PyTorch-On-Angel: A lightweight and high-performance distributed PyTorch computing platform based on Angel PS. It uses Angel's PS to support high-dimensional models and uses Spark as a PyTorch scheduling platform. It is easy to use as you can complete data preprocessing (using Spark) and model training (using PyTorch) altogether in one job. Similar to developing algorithms on PyTorch, users can simply use Python to design new algorithms on PyTorch On Angel platform . We have implemented a variety of algorithms in PyTorch On Angel: LR, FM, DeepFM, Wide & Deep, xDeepFM, GCN, GraphSage, etc, exhibiting higher performance (5x~10x) than those on Angel and sona. We stongly recommend you to use the PyTorch On Angel platform if you are more concerned with performance.

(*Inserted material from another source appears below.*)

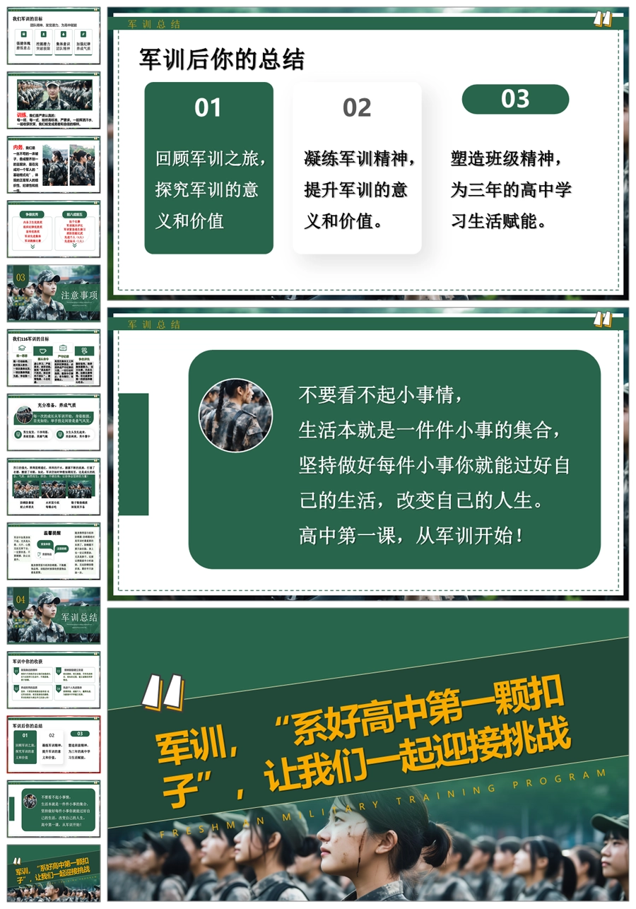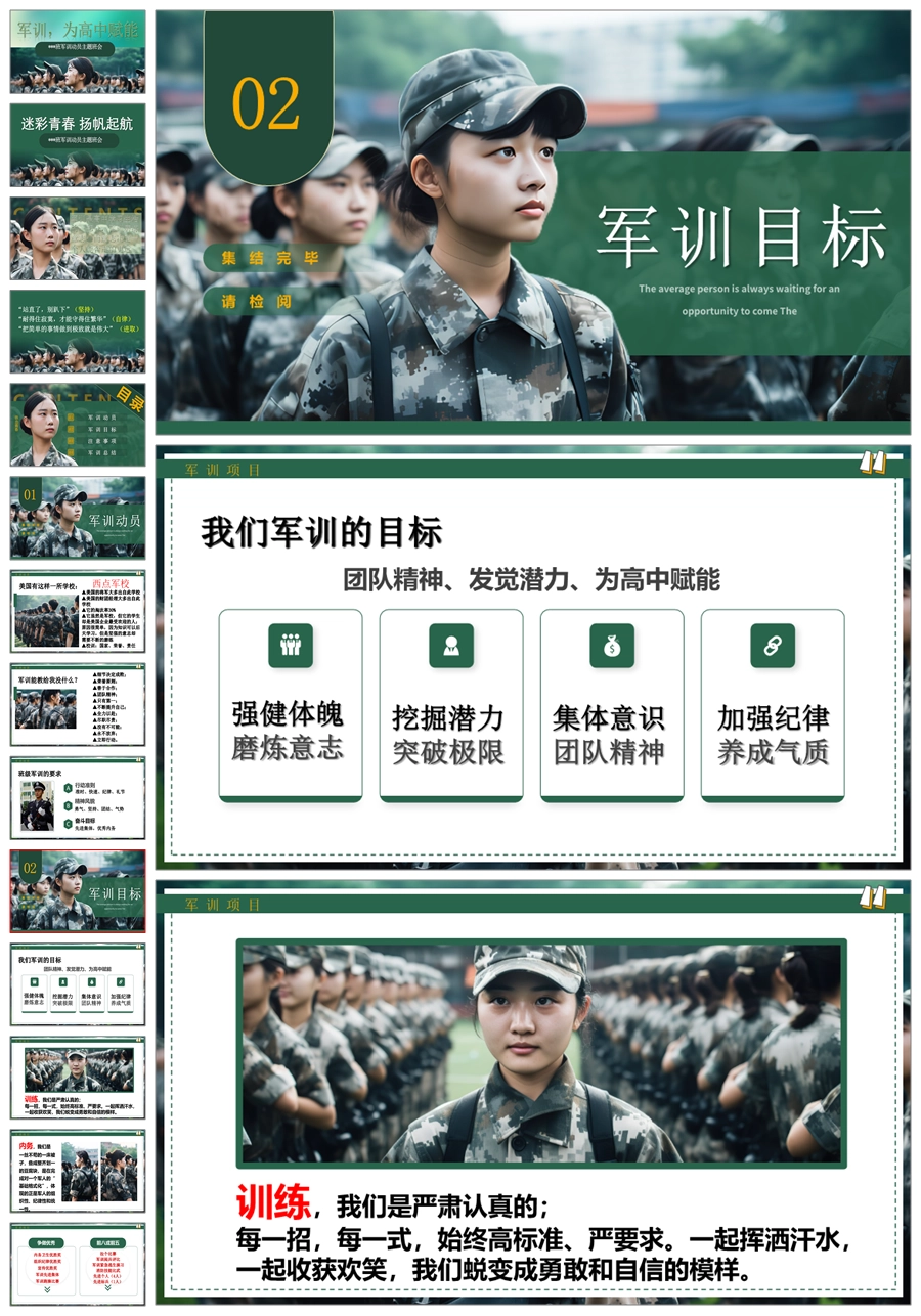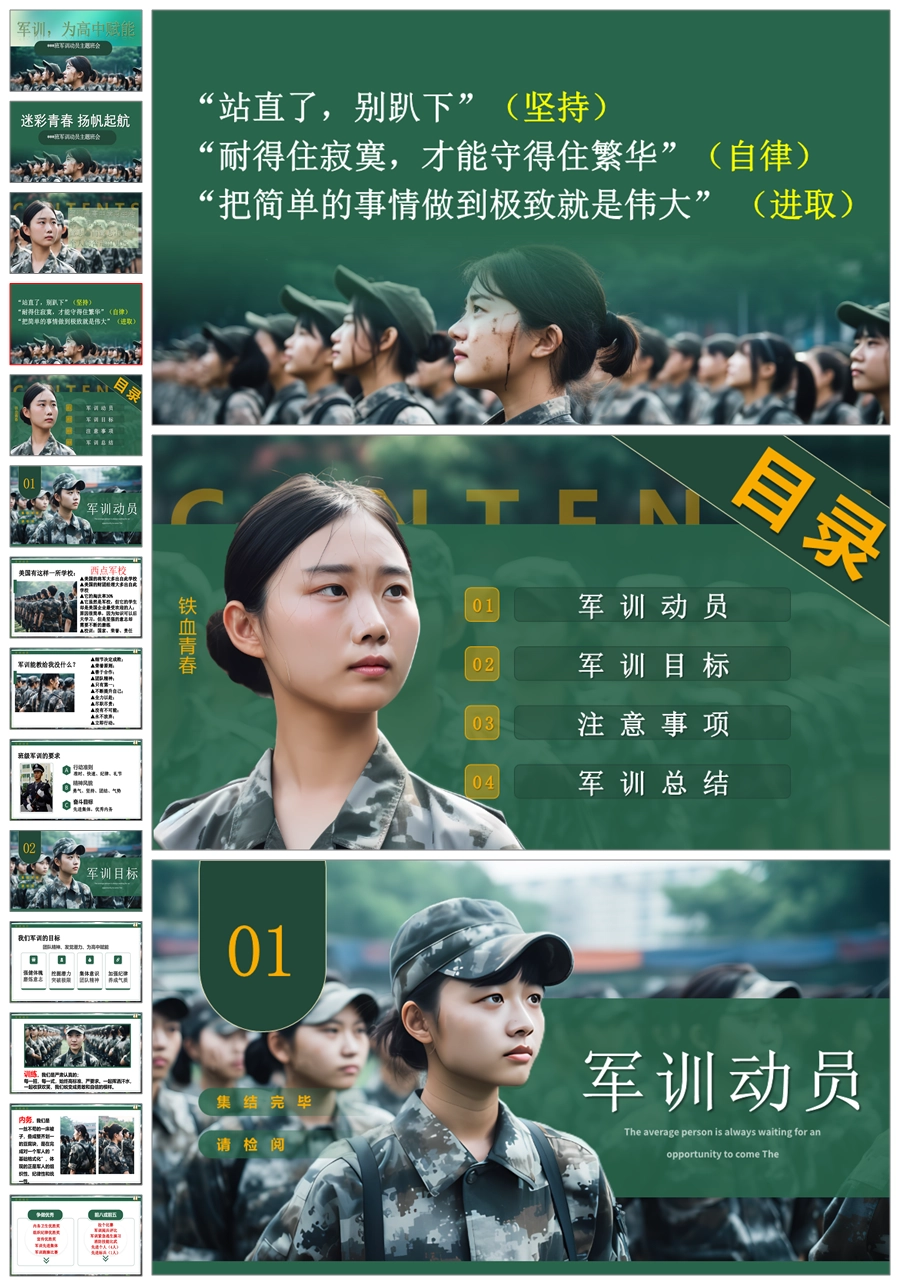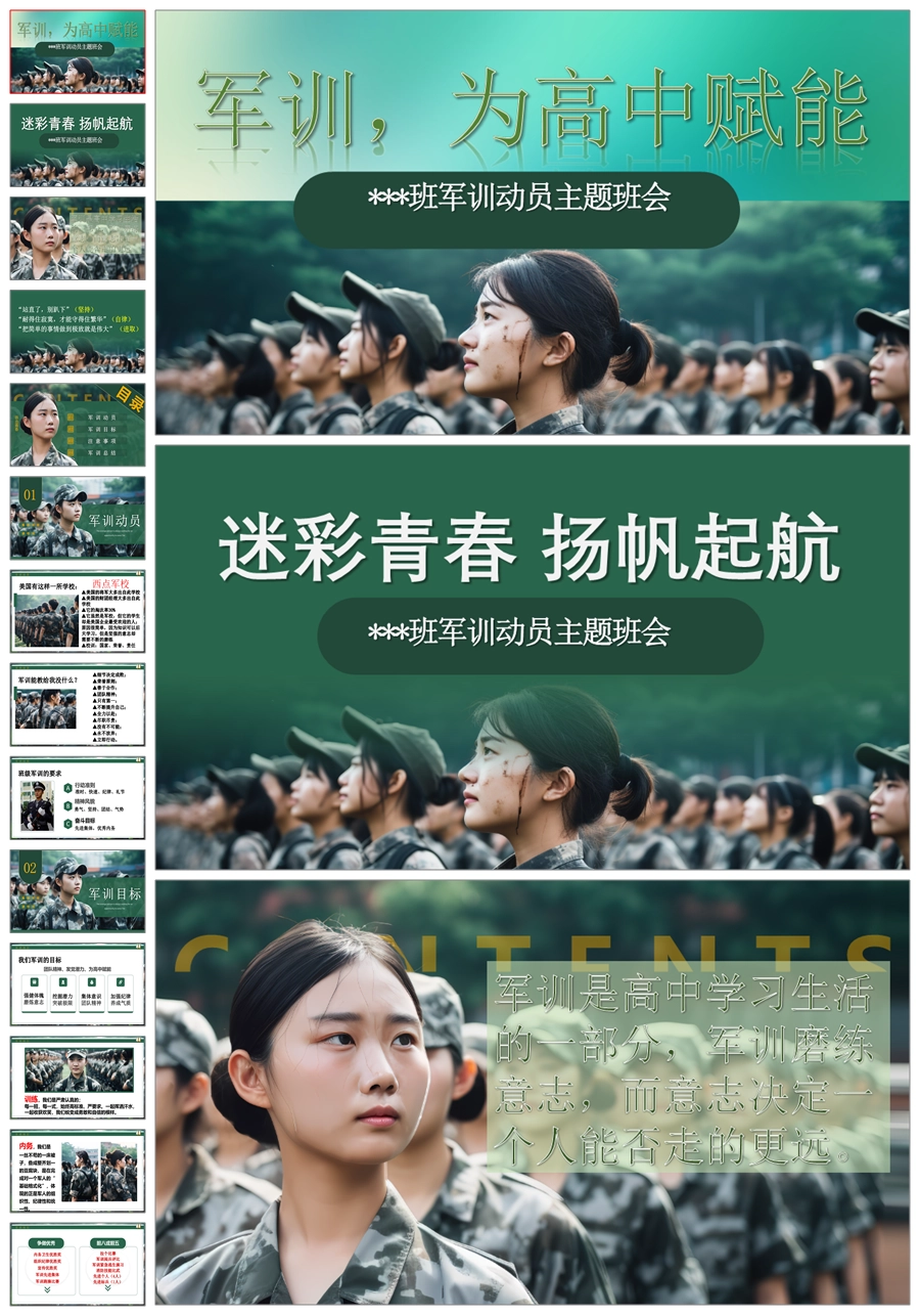 【8514】【军训动员】《迷彩青春 扬帆起航》高一新生军训动员主题班会PPT课件+发言稿

sona: A generic computing platform based on Angel PS and Spark that uses Angel PS to break through Spark's bottleneck of training high-dimensional models. In the new version of sona, we have done a lot of work to make the combination of feature engineering and model training better. We reconstruct LINE(LINE V2) and K-Core in this version and the performance and stability have been greatly improved.
serving: Angel's model serving platform, which is able to provide serving for not only models generated from Angel, Spark On Angel and PyTorch On Angel, but also those from other platforms, such as Spark, XGBoost, etc.
automl: A generic automatic machine learning component that includes automatic tuning and automatic feature engineering.
mlcore: Angel's independently developed lightweight computing graph framework. Users can easily implement new algorithms on it.
math2: Angel's independently developed high-performance math library, which involves a lot of performance optimization for large sparse vectors.
format: Angel's model format interface definition. Angel uses an open model format, enabling users to customize the needed format by implementing the model format interface.
New features
- [ISSUE-348] Support Kubernetes
- [ISSUE-845] PyTorch On Angel
- [ISSUE-678] Support GCN/GraphSage in PyTorch On Angel
- [ISSUE-846] sona reconstruct
- [ISSUE-790] automl
- [ISSUE-835] Add a LINE implementation version(LINE V2) that has better performence and runs more stable in sona
- [ISSUE-836] Reconstruct K-Core algorithm in sona